• **DESCRIPTION OF THE TASK**
For this exercise, return all the data word for word, with images left out.
══ THE DATA
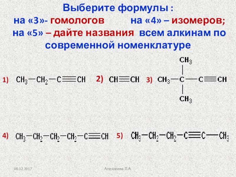 Общая формула представителей гомологического ряда алкинов: СnH2n-2
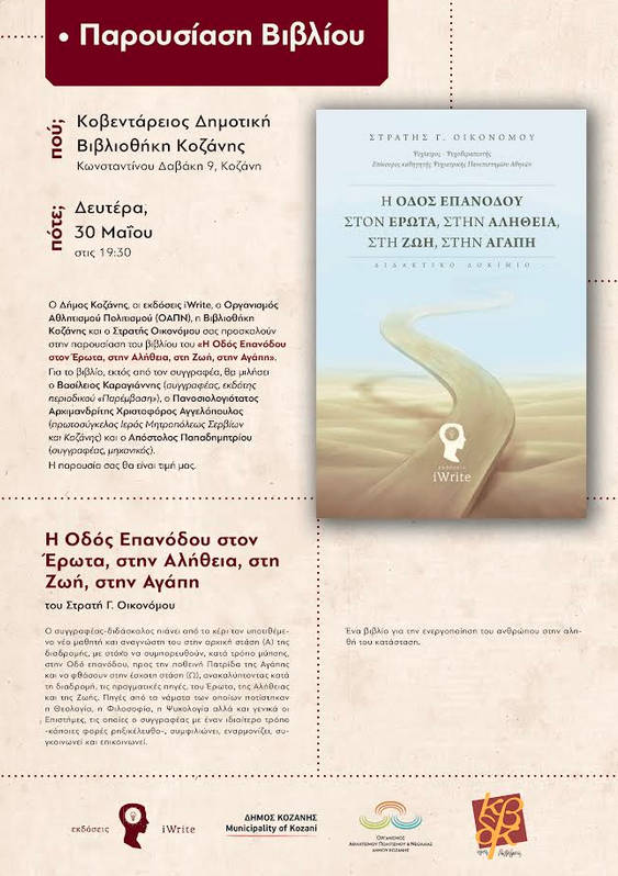 Παρουσίαση του βιβλίου τη Δευτέρα 30 Μαΐου 2022, στις 7.30 το απόγευμα, στην Κοβεντάρειο Δημοτική Βιβλιοθήκη Κοζάνης.
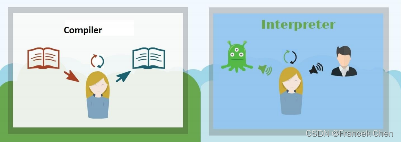 2、解释执行: 属于边 (单独) 翻译边(单独) 执行,类似于同声传译 Python、VB、JavaScript等 存在交互式和脚本式两种编程模式
════
• **THE COMPLETED TASK**
 Общая формула представителей гомологического ряда алкинов: СnH2n-2
 Παρουσίαση του βιβλίου τη Δευτέρα 30 Μαΐου 2022, στις 7.30 το απόγευμα, στην Κοβεντάρειο Δημοτική Βιβλιοθήκη Κοζάνης.
 2、解释执行: 属于边 (单独) 翻译边(单独) 执行,类似于同声传译 Python、VB、JavaScript等 存在交互式和脚本式两种编程模式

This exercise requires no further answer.